Information shown ->

╭──

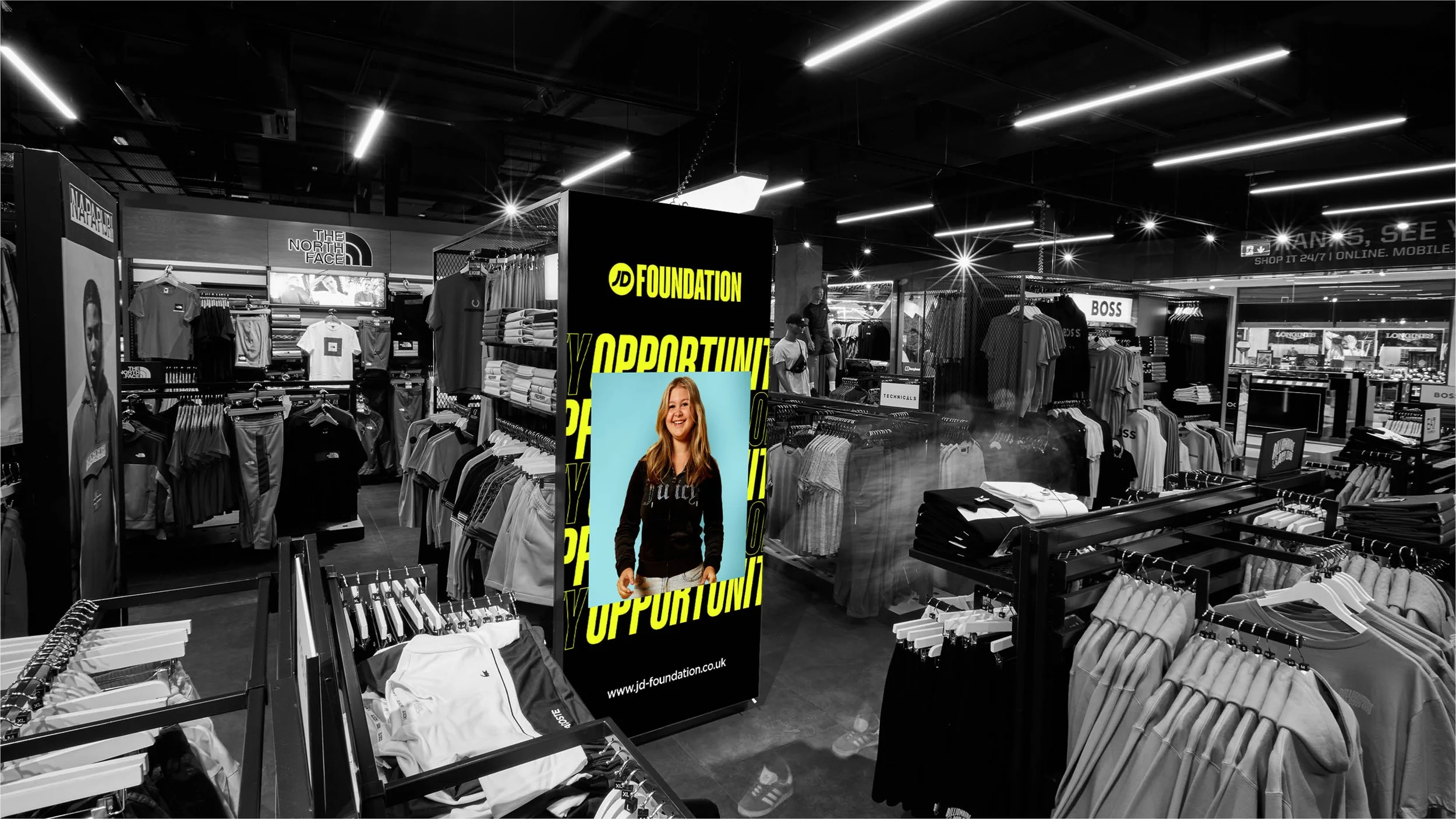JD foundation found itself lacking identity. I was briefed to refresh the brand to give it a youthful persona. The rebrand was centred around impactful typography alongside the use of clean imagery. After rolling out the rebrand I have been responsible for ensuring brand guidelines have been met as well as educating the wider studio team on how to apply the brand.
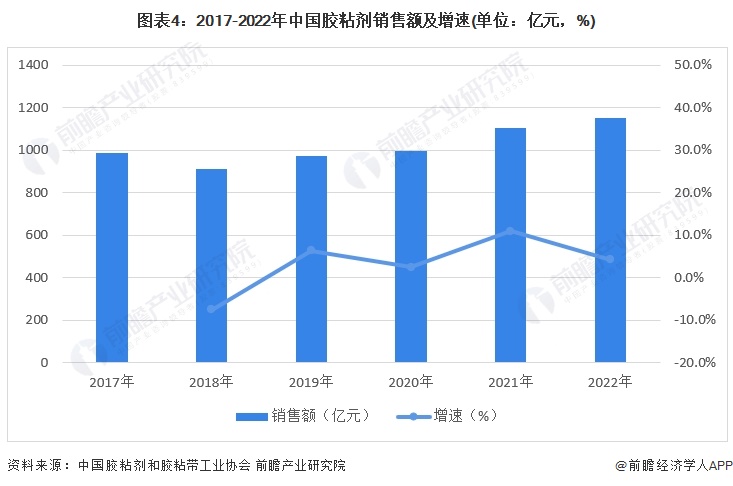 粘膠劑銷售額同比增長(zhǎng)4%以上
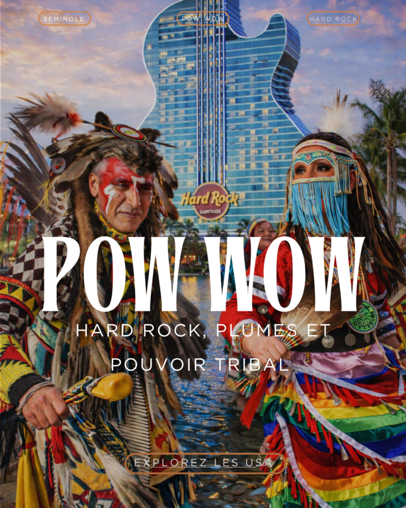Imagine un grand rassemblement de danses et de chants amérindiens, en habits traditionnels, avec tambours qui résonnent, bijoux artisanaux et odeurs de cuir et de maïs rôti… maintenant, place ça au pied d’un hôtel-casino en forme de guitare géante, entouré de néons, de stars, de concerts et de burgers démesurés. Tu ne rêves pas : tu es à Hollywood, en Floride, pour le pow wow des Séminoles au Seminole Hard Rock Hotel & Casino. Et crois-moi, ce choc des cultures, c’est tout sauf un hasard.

╰──

Repeat the data exactly. Pictures should not appear.

JD foundation found itself lacking identity. I was briefed to refresh the brand to give it a youthful persona. The rebrand was centred around impactful typography alongside the use of clean imagery. After rolling out the rebrand I have been responsible for ensuring brand guidelines have been met as well as educating the wider studio team on how to apply the brand.
 粘膠劑銷售額同比增長(zhǎng)4%以上
Imagine un grand rassemblement de danses et de chants amérindiens, en habits traditionnels, avec tambours qui résonnent, bijoux artisanaux et odeurs de cuir et de maïs rôti… maintenant, place ça au pied d’un hôtel-casino en forme de guitare géante, entouré de néons, de stars, de concerts et de burgers démesurés. Tu ne rêves pas : tu es à Hollywood, en Floride, pour le pow wow des Séminoles au Seminole Hard Rock Hotel & Casino. Et crois-moi, ce choc des cultures, c’est tout sauf un hasard.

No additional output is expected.